Александр Николаевич писал, что в Турции положение женщин-эмигранток из России было немного лучше, чем у их соотечественников-мужчин. Женщин охотнее брали на разные работы. Русских мужчин, как правило, нанимали в рестораны, где им приходилось чистить картошку, мыть посуду, заниматься уборкой помещений, разгружать товары, метаться по городу в качестве курьеров… Грустью проникнуты слова Александра Николаевича о том, что «почтенные генералы и полковники (Белой гвардии) охотно шли на любую работу чуть ли не за тарелку борща…». Недостаточны были усилия немногочисленных благотворительных организаций, наподобие Земского союза, которые пытались устраивать бесплатные столовые и ночлежки. Такими мизерными средствами нельзя было устранить нищету и голод среди русской эмиграции. Однако всегда около тех, «кто ест пироги… всегда питались крохами голодные».
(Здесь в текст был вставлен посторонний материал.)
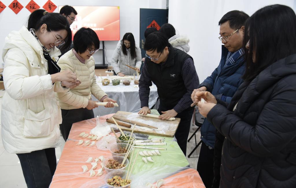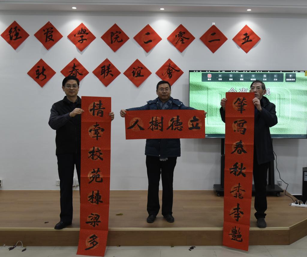 会上,学院党委书记何二毛、执行院长崔鸽代表学院回顾了2024年度取得的成绩,向全体教职工致以美好的新年祝愿。尤太生、郎群秀等多位老师现场挥毫泼墨,书写赠送饱含祝福的春联,墨香四溢,情谊满满。学院分会贴心准备了饺子馅儿、面团等食材,老师们围坐在一起,一边包饺子,一边畅所欲言,在欢声笑语中感受浓浓的年味。

Голодных, вспоминал Вертинский, в Константинополе было больше, чем сытых, но и сытых было немало. Как всегда, процветали предприимчивые купцы, которые что-то постоянно продавали и перепродавали, получая баснословные разовые барыши. Правда, вскоре эти деньги разлетались на кутежи и азартные игры. Однако после отрезвления в головах предприимчивых русских появлялись «свежие» идеи, за которыми следовали новые сделки, и все шло опять по кругу… Или по спирали.
Не только Вертинский, но и другие эмигранты-очевидцы писали, что главный заработок в Константинополе был от иностранцев: англичан, итальянцев, французов. Им нравилось все русское, особенно женщины-славянки. «А турки вообще от них потеряли головы, — писал Вертинский. — Разводы сыпались как из рога изобилия. Мужья получали отступного и уезжали искать счастья кто в Варну, кто в Прагу, кто куда, а жены делались «магометанскими леди» и одевались иногда в восточные наряды, которые носили не без шика». Порой и замужние женщины таким образом становились кормилицами семейств, а безработным мужьям от безысходности приходилось либо закрывать глаза на сомнительную «работу» своих жен, либо пускаться в отчаянные загулы.